* _What to work on_
Starting at the line below with "при использовании фонарика." and stopping at the line with "1889 Victorian Women", please print each line exactly, those two included, and skip every picture.

* _Data shown_
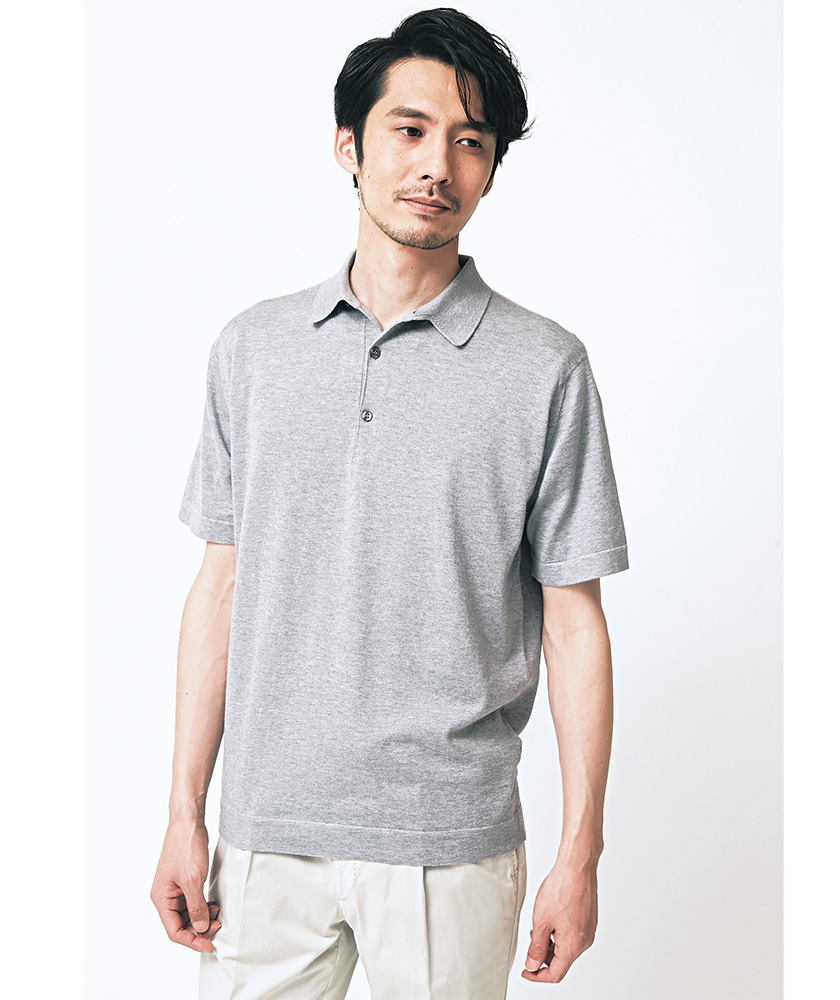 カットソー感覚で着こなせる。ジョン スメドレーのポロシャツ上記参照。ロータのパンツ3万9000円(エリオポールメンズ銀座)
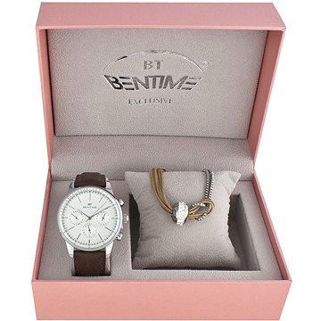Výrobce: BENTIME Dárková sada hodinek BENTIME BOX BT-11824A: Trendy dárková sada BENTIME BOX BT-11824A je skvělým dárkem pro každou ženu, která se ráda strojí a dává přednost nadčasové eleganci. V sadě naleznete stylový náhrdelník a hodinky oblíbené značky BENTIME. Módní bižuterní náhrdelník stříbrné barvy vás na první pohled okouzlí přívěškem a kombinací kovu a kůže. Na vašem dekoltu se bude nádherně vyjímat a perfektně podtrhne váš vzhled. Klíčové vlastnosti trendy dárkové sady BENTIME BOX BT-11824A s hodinkami a náhrdelníkemDárková sada BENTIME obsahující dámské hodinky a náhrdelníkMódní bižuterní náhrdelník v kombinaci kovu a kůžePřívěšek osázený krystaly Analogové hodinky BENTIME se stříbrným pouzdremMinerální sklíčko odolá škrábancůmNapájení pomocí baterie a strojku Quartz3 subciferníkyVteřinová ručičkaWater resistant Krása a elegance ruku v ruce s kvalitouDámské analogové hodinky BENTIME jsou poháněny quartz bateriovým strojkem. Mají minerální sklíčko, tudíž se nemusíte bát, že si hodinky odřete, vydrží vám po dlouhou dobu v perfektním stavu. Hodinky odolávají vlhku, můžete je tedy nosit také za deštivého počasí. Do stříbrného pouzdra je vložen bílý ciferník se 3 subciferníky a vteřinovou ručičkou. Hodinky jsou zdobeny logem BENTIME. Stylový módní doplněk i každodenní pomocníkDámské módní hodinky BENTIME se vyznačují elegantním designem. Jako nádherný šperk ozdobí vaše zápěstí a dokonale doladí outfit. Jsou vhodné jak pro společenské události a kulturní akce, tak i pro večerní setkání s přáteli. Průměr ciferníku:36 mm
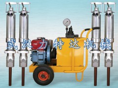 凿岩机打孔时,每台液压劈裂机需配二台,以提高液压劈裂机的生产效率。在预先钻好的孔内放人单头液压劈裂器,启动电机,当液压缸活塞杆推动楔块向下运动时,注意观察,当看到石材沿孔口出那裂纹时也可以从压力表上观察,当压力升高到一定值咐突然卞降换向阀换向,这时楔块反向运动,当其复位后将劈裂器转动一个角度,重复上述劈裂过程,这样可以在一个孔内进行多方向劈裂,将石材劈裂成多块,减少钻孔的工作量。
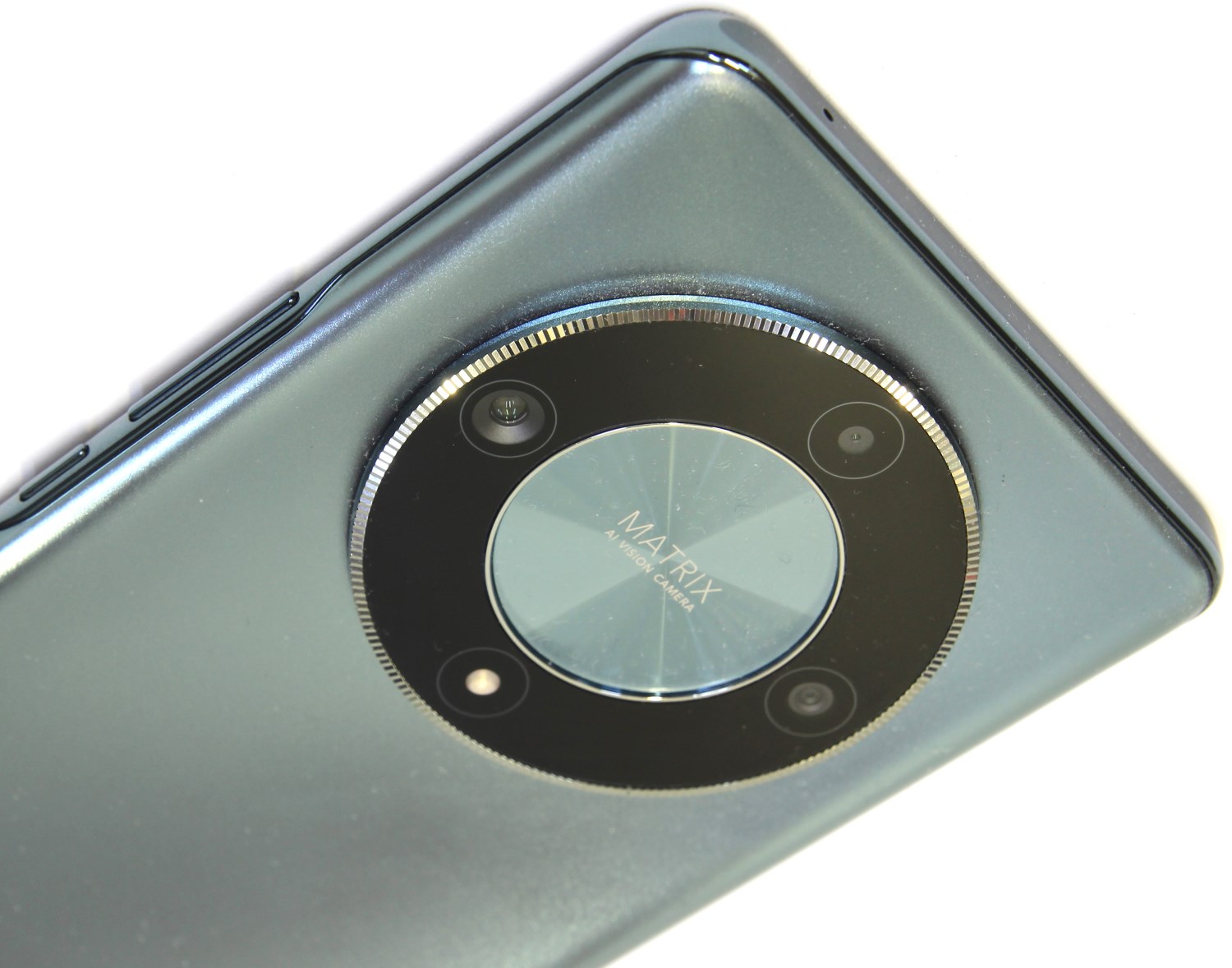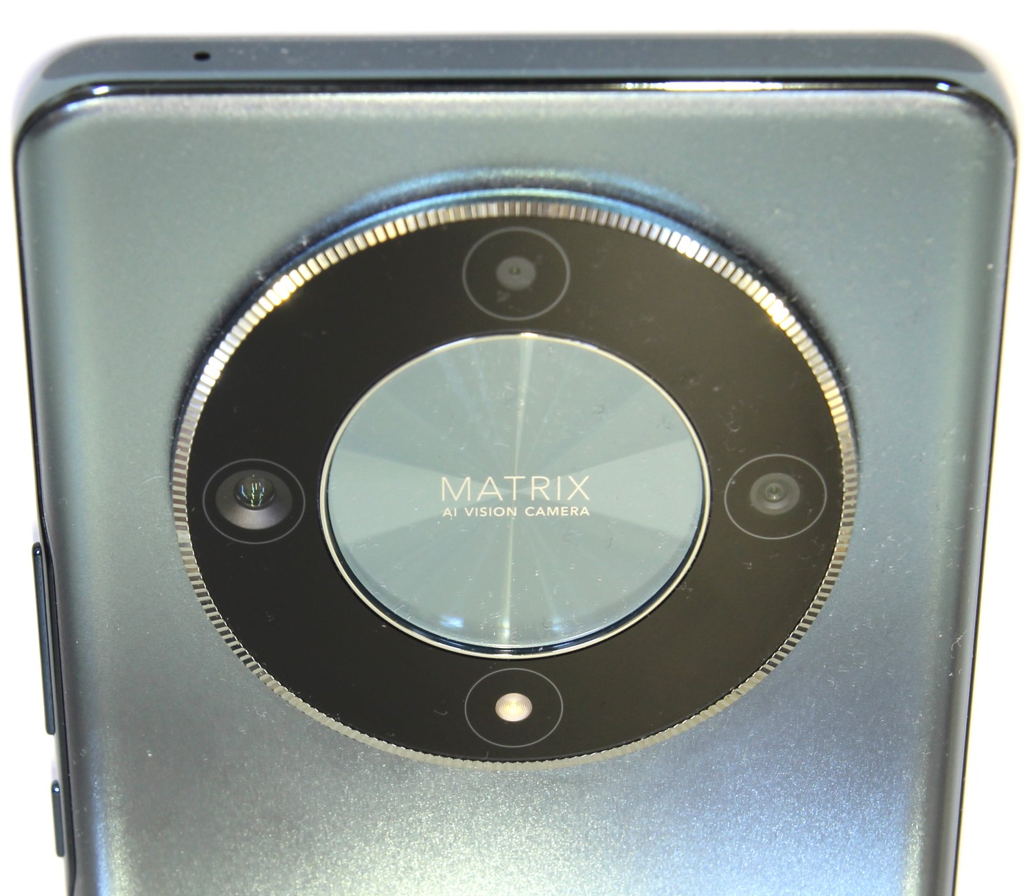 «Шайба» с камерами немного выступает над корпусом, но если надеть чехол, то она будет с ним заподлицо. Внутри этого чёрного кольца находится кружок, покрашенный в основной цвет корпуса. На нём есть надпись: MATRIX AI vision camera. Сверху, слева и справа находятся модули камер, а в нижней расположен светодиод вспышки. Не самое удобное расположение, особенно при использовании фонарика.
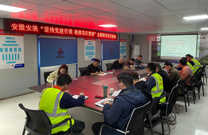 近日,安徽安裝公司黨委結合2023年一季度工程項目管理綜合檢查,到房建(裝飾)分公司阜南污水處理廠(chǎng)項目部和蚌埠分公司凱盛項目部組織開(kāi)展了“堅持黨建引領(lǐng) 助推項目管理”主題研討黨日活動(dòng)。公司黨委辦公室、工程管理部(安全管理部)、物資管理部、招標辦公室、所屬分公司及項目部班子成員參加了此次活動(dòng)。
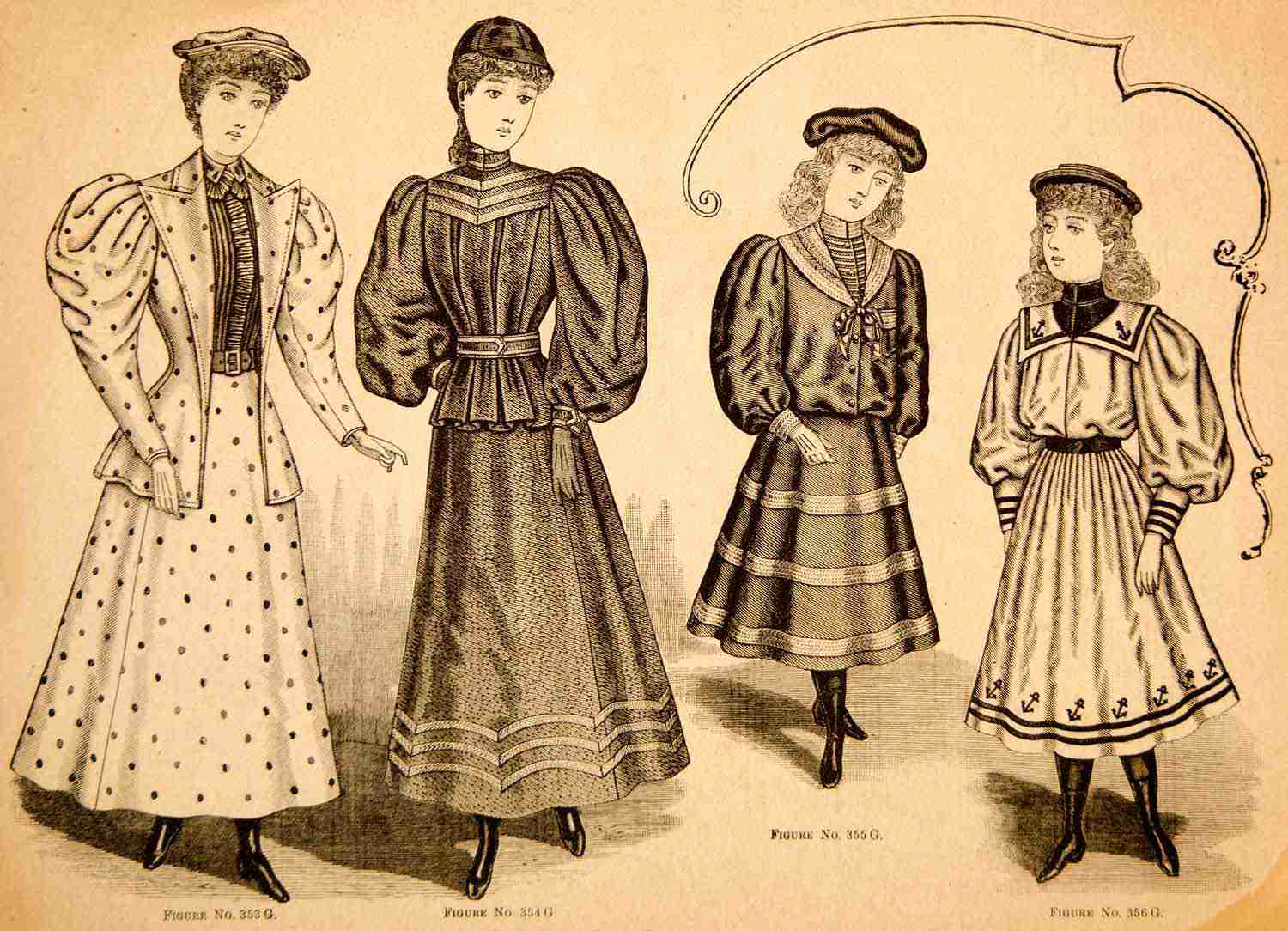 1889 Victorian Women Fashion Dress Wood Engraving - Original Costume Print
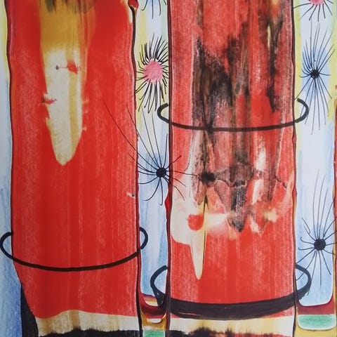 Dette blandede mediemaleri er af Robbert Fortgens (1960). Fortgens blev født i Utrecht, studerede på Rietveld Akademiet i Amsterdam og bor og arbejder i øjeblikket i Antwerpen. I sit tidlige værk var han inspireret af fotografisk realisme, men efter at have set Willem de Koonings værker i 1988, foretog han en radikal kunstnerisk drejning mod abstrakt ekspressionisme. Karakteristisk for hans modne arbejde er fusionen af maleri og fotografi: to tilsyneladende modstridende discipliner, som han forener i et enkelt visuelt sprog. Ved at lege med maling, fotografi og lagdeling udforsker Fortgens spændingen mellem perception og fantasi, hvilket resulterer i et rigt, tvetydigt og moderne
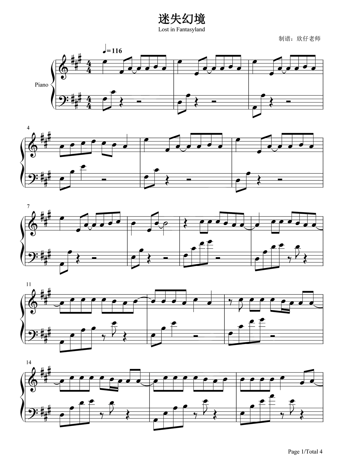 《迷失幻境》钢琴谱,采用F调指法编配,共有3张高清图谱。...
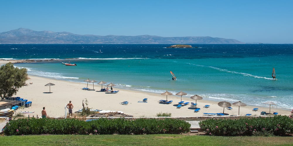 Overall, Nea Chrissi Akti is a fantastic destination for those looking for a combination of water sports and relaxation on Paros Island. Its stunning natural beauty, clear waters, and range of activities make it a popular spot for both locals and tourists alike. The beach is Blue Flag awarded.
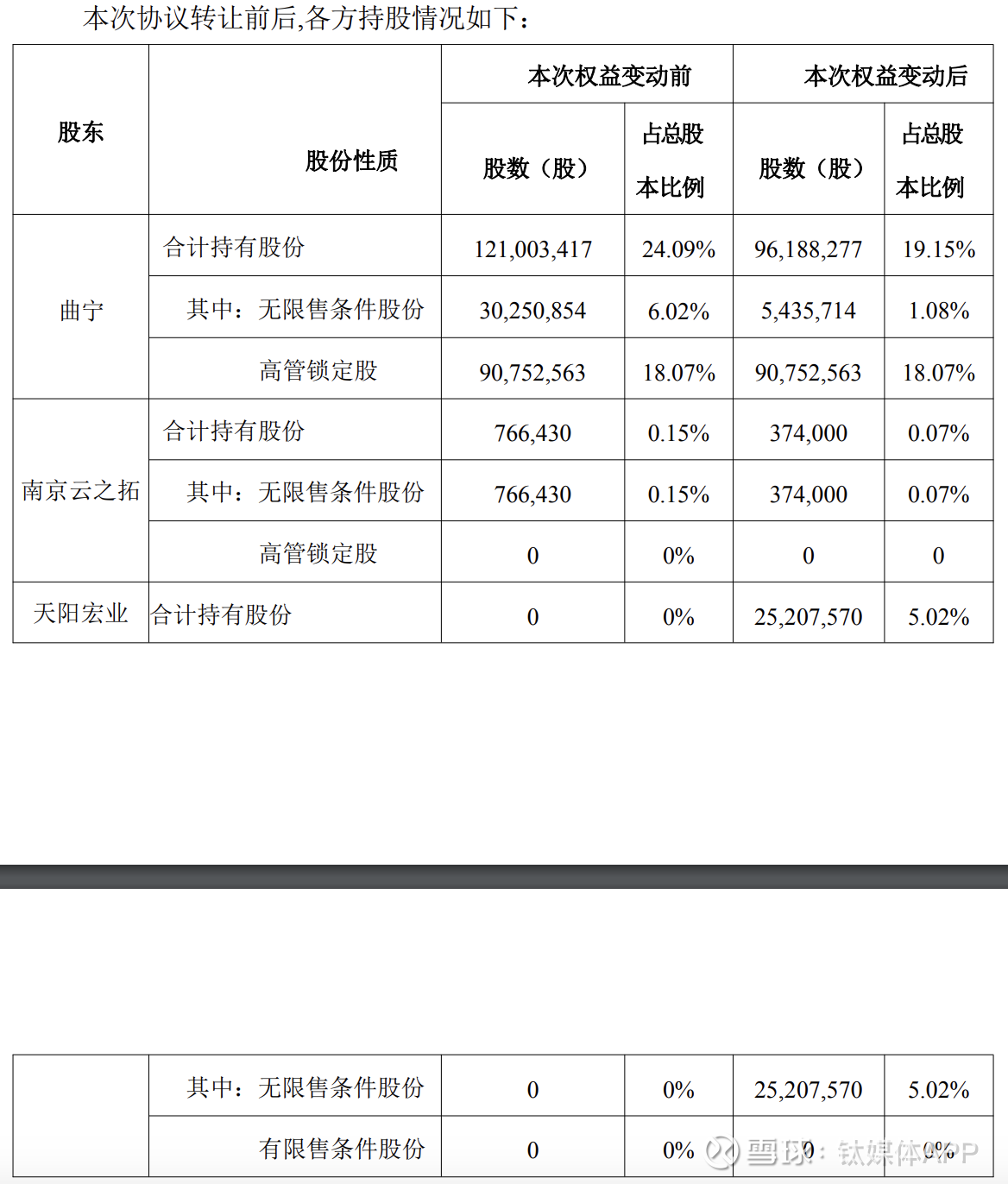 两度清仓赚超1.6亿,变身成战投根据公告,首都在线实控人曲宁和股东南京云之拓创业投资合伙企业(有限合伙)拟向天阳科技合计转让5.02%的股份,转让价格(17.6元/股)较昨日收盘价约打8折,总价4.43亿元。

* _Answer box_
 «Шайба» с камерами немного выступает над корпусом, но если надеть чехол, то она будет с ним заподлицо. Внутри этого чёрного кольца находится кружок, покрашенный в основной цвет корпуса. На нём есть надпись: MATRIX AI vision camera. Сверху, слева и справа находятся модули камер, а в нижней расположен светодиод вспышки. Не самое удобное расположение, особенно при использовании фонарика.
 近日,安徽安裝公司黨委結合2023年一季度工程項目管理綜合檢查,到房建(裝飾)分公司阜南污水處理廠(chǎng)項目部和蚌埠分公司凱盛項目部組織開(kāi)展了“堅持黨建引領(lǐng) 助推項目管理”主題研討黨日活動(dòng)。公司黨委辦公室、工程管理部(安全管理部)、物資管理部、招標辦公室、所屬分公司及項目部班子成員參加了此次活動(dòng)。
 1889 Victorian Women Fashion Dress Wood Engraving - Original Costume Print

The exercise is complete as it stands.